Hacker News new | past | comments | ask | show | jobs | submit login
A table that should exist in all projects with a database (cherouvim.com)
146 points by fogus on Dec 8, 2010 | hide | past | favorite | 63 comments



It's all true, but please take the lesson from rails and use timestamps rather than sequential id's.


What's the advantage?


Consistent ordering even if two developers happen to add migrations starting from the same source version.


Could you elaborate on that?


Schema version is at 200.

Developer A creates a migration numbered 201. Developer B creates a migration numbered 201. They push their code, pull, and get conflicts.

So instead, they use a timestamp based system. Developer A created his and got 20100604181252. Developer B got 20100604182530. Now, everyone is happy, and no one has to change their migrations.

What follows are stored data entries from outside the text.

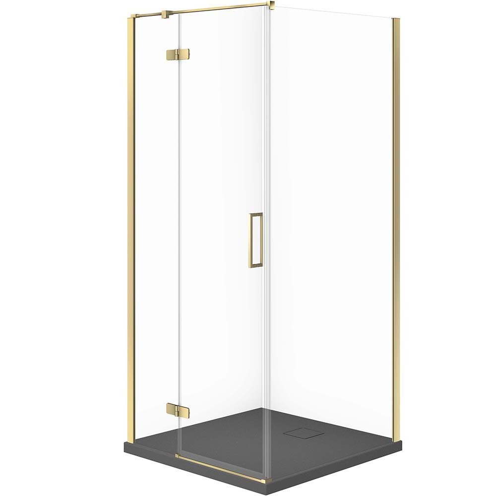 Zestaw kabina prysznicowa JOTA lewa 80x80 złota, brodzik TAKO SLIM szary mat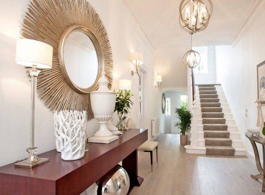 Выбор оформления исходит от общего стилистического решения. Так же важны габариты коридора. Они подразделяются на узкие, длинные, просторные и маленькие. В широком коридоре прекрасно разместится удобная кушетка или даже диванчик. В небольшой планировке остается место лишь для фотографий на стене или изящной маленькой полочки для ключей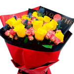 Nice hand tied boquet with yellow roses and white and red spray roses mixed with some ruscus

I think I prefer the first version. At least the conflict is obvious.

Developer A creates migration 20100604181252. Developer B creates migration 20100604181253. Developer B doesn't notice Developer A's migration: there's no way to know from the timestamps that there might be a conflict. Everything breaks.

vs

Developer A creates migration 201. Developer B creates migration 201. Developer B gets a handy notification that something has happened in the meantime, and gets a chance to patch the migration if necessary.


Actual conflicts from working with the same fields in the same tables are so rare, I haven't even experienced it once.

However, the second scenario would happen every single day in a team.


I have occasionally modified a sproc, only to find that a conflicting check-in has also modified that same sproc. One of our modifications has been overwritten by the other.

I do concede it is rare, but it happened, and we only discovered the bug too late.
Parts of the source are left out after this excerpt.